Estados Unidos cuestiona la fiabilidad de sus aliados europeos
El 28 de febrero, EE.UU. e Israel lanzaron ataques aéreos significativos sobre Irán. En respuesta, Teherán bloqueó efectivamente el Estrecho de Ormuz, vía crucial por donde transita una quinta parte de las reservas mundiales de petróleo y gas.
Desde entonces, esta vía marítima casi ha permanecido cerrada, lo que ha disparado los precios de la energía y agravado la inestabilidad global.
Puzder comentó que esta acción llevó a Estados Unidos a cuestionar la fiabilidad y confianza en sus socios europeos: «Solo queríamos sobrevolar los países a los que hemos defendido y usar sus bases aéreas… si no están dispuestos a eso, ¿qué es lo que sí estarían dispuestos a hacer?»
Perjuicios en las relaciones transatlánticas
Trump ha manifestado abiertamente su indignación en las últimas semanas, calificando a sus aliados de la OTAN como «cobardes» en redes sociales.
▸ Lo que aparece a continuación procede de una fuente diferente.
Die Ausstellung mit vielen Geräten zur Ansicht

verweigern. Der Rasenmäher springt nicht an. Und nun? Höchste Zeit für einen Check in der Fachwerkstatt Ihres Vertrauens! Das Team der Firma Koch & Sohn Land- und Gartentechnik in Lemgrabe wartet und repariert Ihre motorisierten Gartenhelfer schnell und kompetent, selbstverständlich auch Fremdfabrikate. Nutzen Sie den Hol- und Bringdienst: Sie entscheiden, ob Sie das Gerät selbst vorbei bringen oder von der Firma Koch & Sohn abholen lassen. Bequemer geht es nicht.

Además, prometió «recordar» cómo rechazaron las solicitudes de ayuda militar de Estados Unidos.
Desde entonces, Washington ha restringido varias capacidades militares que antes estaban disponibles para la OTAN durante posibles conflictos en Europa. Trump también anunció recortes de tropas en el continente en medio de un conflicto público con el canciller alemán Frederic Merz respecto a Irán.
A finales de abril, Merz afirmó que los negociadores de la Casa Blanca estaban siendo «humillados» por el liderazgo iraní.
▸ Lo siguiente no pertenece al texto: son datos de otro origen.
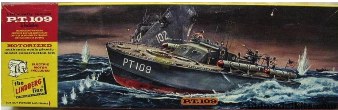
8. Illustratie voor de verpakking van een modelbouw-boat. The Lindberg Line, 1963.

In 1967 bracht de uitgever Mulder & Zoon N.V. uit Amsterdam boeken uit van de illustrator A.O. Kooyman. Bekend zijn: “Mijn boek over treinen en vliegtuigen” en “Mijn boek over zeil- en zeeschepen”. De boeken zijn ook voor de Amerikaanse markt verschenen, uitgegeven door de Educational Reading Service of Mahwah, New Jersey in 1970 en door Bancroft in Londen. Het copyright berust bij Mulder & Zoon N.V., Amsterdam en ze zijn gedrukt in Nederland. Bekend zijn: “My super book of planes in colour”, “My super book of racing cars in colour”, “My super book of trains in colour” (uitgave 1968, Bancroft & Co., Londen) en “My super book of boats and ships in colour” (1967, Bancroft).

«Una nación entera está siendo humillada por el liderazgo iraní, especialmente por esos denominados Guardias Revolucionarios. Espero que esta situación termine lo antes posible,» declaró Merz. También criticó los objetivos erráticos de Washington al iniciar el conflicto.
Trump replicó en redes sociales sugiriendo que «el canciller de Alemania(sic) debería dedicar más tiempo a poner fin a la guerra con Rusia/ Ucrania (donde ha sido totalmente ineficaz) y arreglar su país en crisis.»
Posteriormente, una coalición internacional liderada por Reino Unido y Francia movilizó recursos navales y personal para reabrir el Estrecho tras el fin de las hostilidades.
Esta operación se organizó rápidamente, en parte con la intención de reparar la grave ruptura causada por la reticencia inicial europea.
Al preguntarle si consideraba que la respuesta europea inicial fue un «gran error por una petición pequeña,» Puzder respondió: «Diría que es un resumen muy acertado.»